Если ученый английский юрист с сомнением отнесется к праву Мармадьюка занимать судейское кресло, то уж, конечно, медики, окончившие Лейденский или Эдинбургский университет, от души посмеются над нашим правдивым рассказом о служении Элнатана в храме Эскулапа. Однако и им придется довольствоваться тем же самым ответом: в этих краях доктор Тодд был ничуть не хуже своих коллег, так же как Мармадьюк превосходил большинство своих.
Время и большая практика преобразили нашего доктора самым чудесным образом. Он был от природы очень добр, но в то же время обладал немалым мужеством. Другими словами, он от души старался вылечить своих пациентов и, если дело шло о полезных членах общества, предпочитал не рисковать, пользуя их только самыми проверенными средствами; однако в тех случаях, когда в его руки попадал какой-нибудь бродяга без роду и племени, он принимался испытывать на его организме действие всех лекарств, какие только хранились в кожаных сумках. К счастью, их было не так уж много, и почти все они были совершенно безвредны. Таким способом Элнатан научился неплохо разбираться в лихорадках и маляриях и мог с большим знанием дела рассуждать о перемежающихся, возвратных, ежедневных и повторяющихся приступах. В Темплтоне и окрестностях свято верили в его уменье исцелять всяческие кожные заболевания, и, уж конечно, ни один младенец не появлялся на свет без его помощи. Короче говоря, доктор Тодд возводил на песке весьма внушительное здание, скрепленное цементом практики, хотя и слагавшееся из довольно хрупких материалов. Однако он время от времени перечитывал свои учебники и, будучи человеком весьма неглупым и наблюдательным, успешно согласовывал практику с теорией.

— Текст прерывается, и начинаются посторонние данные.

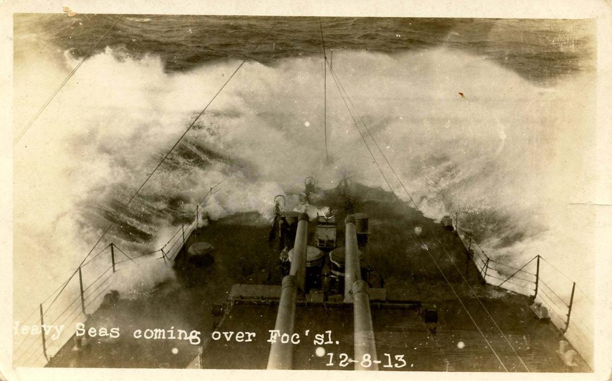 USS Florida. Heavy Seas - December 8, 1913. *RPPC

Не имея почти никакого опыта в хирургии, он остерегался делать серьезные операции, тем более что в подобных случаях пациент имеет возможность непосредственно оценить умение врача. Однако он успешно лечил мазями ожоги, уверенно разрезал десну, чтобы извлечь гнилые корни давно разрушившихся зубов, и умело зашивал раны неловких дровосеков. Но вот однажды некий поселенец, неудачно свалив дерево, раздробил себе ногу, и нашему герою пришлось решиться на операцию, потребовавшую от него напряжения всех его душевных сил. Однако в тяжкий час беды он не обманул возлагавшихся на него надежд. В новых поселениях и раньше нередко возникала нужда в ампутациях, и обычно их производил хирург-самоучка, который благодаря большой практике так набил руку, что сумел оправдать добрую славу, вначале вовсе им не заслуженную. Элнатану случилось присутствовать при двух-трех его операциях. Но на этот раз хирург оказался в отъезде, и доктору волей-неволей пришлось его заменить.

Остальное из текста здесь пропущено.